Nuțu-Gajić won the Romanian Women's Chess Championship three times in 1978, 1979, and 1980, finished second in 1983, and third in 1984 and 1985.

Nuțu-Gajić represented Romania in seven Chess Olympiads from 1978 to 1994 and won five medals in total. She scored 7.5/10 in the 24th Chess Olympiad in Valletta 1980, and won the gold medal on board 3. She then improved on this by scoring 11/12 in the 25th Chess Olympiad in Lucerne 1982, to win the individual gold medal on board 3, and the team silver medal. She also helped Romania win two team bronze medals in Thessaloniki 1984 and Dubai 1986. She also won against former Women's World Chess Champion Nona Gaprindashvili at the 1992 Olympiad in Manila.

She represented Romania in three Women's Chess Balkaniad events in 1979, 1985, 1992. She won one team gold medal in 1985, two individual silver medals (in 1985 and 1992), two team silver medals (in 1979 and 1992) and an individual bronze medal (in 1979).

She won, or jointly won, a number of international competitions including Plovdiv 1979, Bad Kissingen 1981, Băile Herculane 1982 and 1986, and Acropolis Athens 1983. She also scored podium finishes in Novi Sad 1979, Capablanca Memorial Havana 1986, Tuzla 1991, Nova Gorica 1993, and Bohemia Chrudim 1994.

She competed in a number of Women's World Chess Championship Zonal Tournaments and two Interzonals.

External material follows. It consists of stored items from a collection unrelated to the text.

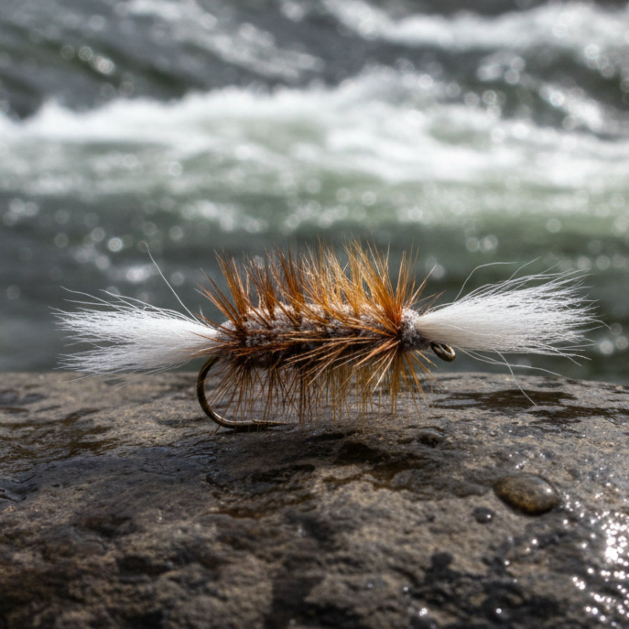 The brown hackle provides a more muted, lifelike appearance—ideal when fish are cautious or water conditions are clear—while the white wing ensures you maintain visual contact throughout the drift.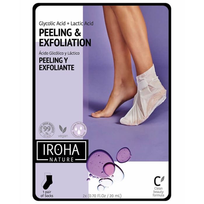 Iroha Nature Peeling & Exfoliatin Foot Mask маска за крака под формата на чорапи, която отстранява мъртвите клетки, омекотява грубата кожа и възвръща еластичността й. Има хидратиращ и антиоксидантен ефект. Подхранва и подобрява вида на стъпалата само след 10-14 дни. Ироха Нейчър Ексфолираща маска за крака с АНА и лавандула е подходяща за суха и загрубяла кожа. Чиста формула с 99 % естествени съставки, веган, без алергени, без парабени и без парфюми.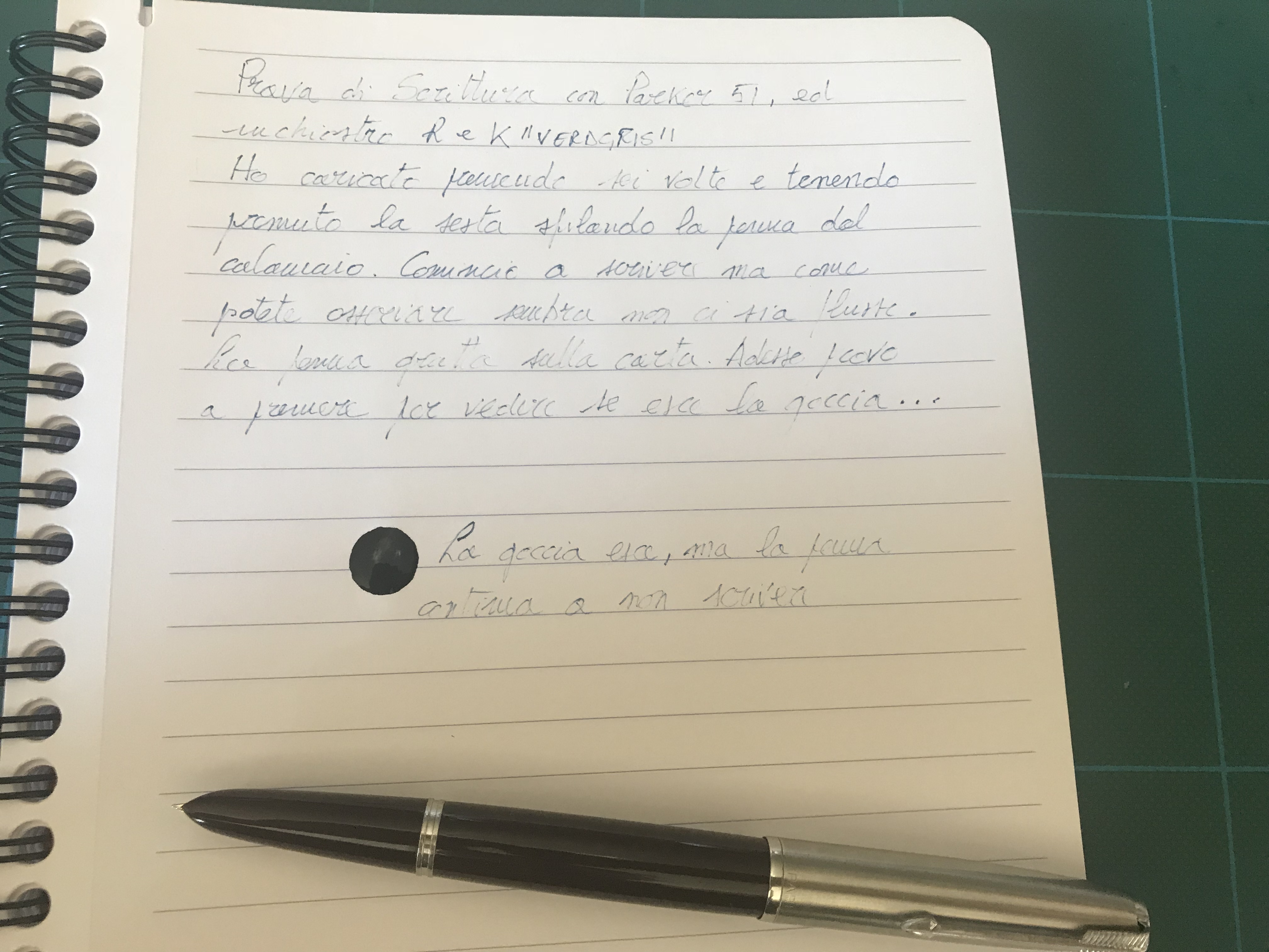 Allego prova di scrittura e foto del pennino.La penna scrive nel modo che vedete, se premo la pressure bar esce inchiostro, vedi goccia.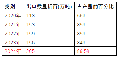 出口已占農(nóng)藥產(chǎn)量的九成。2024年農(nóng)藥出口數(shù)量達到歷史最高,高達205萬噸,比2023年出口數(shù)量多出近50萬噸,同比增長了32%。出口占產(chǎn)量的比重由近3年的85%又提高了5個百分點,達到了近90%。

She scored 8.5/13 and finished equal third, with Pia Cramling and Nana Ioseliani, in the Interzonal in Havana 1985, but Cramling won the play-off matches and qualified into the Candidates Tournament ahead of her. She scored 7/13 and finished equal 13th in the Interzonal in Subotica 1991. She finished second, behind Ildiko Madl, in the Zonal tournament in Hajdúszoboszló 1991, finished equal third in Timișoara 1993, and competed in Nadole 1995.

Nuțu-Gajić scored 10.5/15 and convincingly won the 42nd Yugoslav Women's Chess Championship in 1989.

Nuțu-Gajić gained the Woman International Master (WIM) title in 1978, the Woman Grandmaster (WGM) title in 1986, and the FIDE Trainer title in 2007.

After moving to Australia, she made a big impact on Women's chess in Australia, winning both the Australian Women's Championship and the South Australian (open) Championship in 1995, and the Queensland Women's Championship in 1996.

Nuțu-Gajić was Australia's first Woman Grandmaster and at 2350 is the highest rated woman, but she has not played in any FIDE rated tournaments since 1998. As of 2014, she resides in Adelaide and is an active junior chess coach.

== Personal life ==
Nuțu-Gajić studied a Bachelor of Science degree in Information Technology and Mathematics at the Polytechnic University of Timișoara, and as of 2014 works in the Information Technology industry.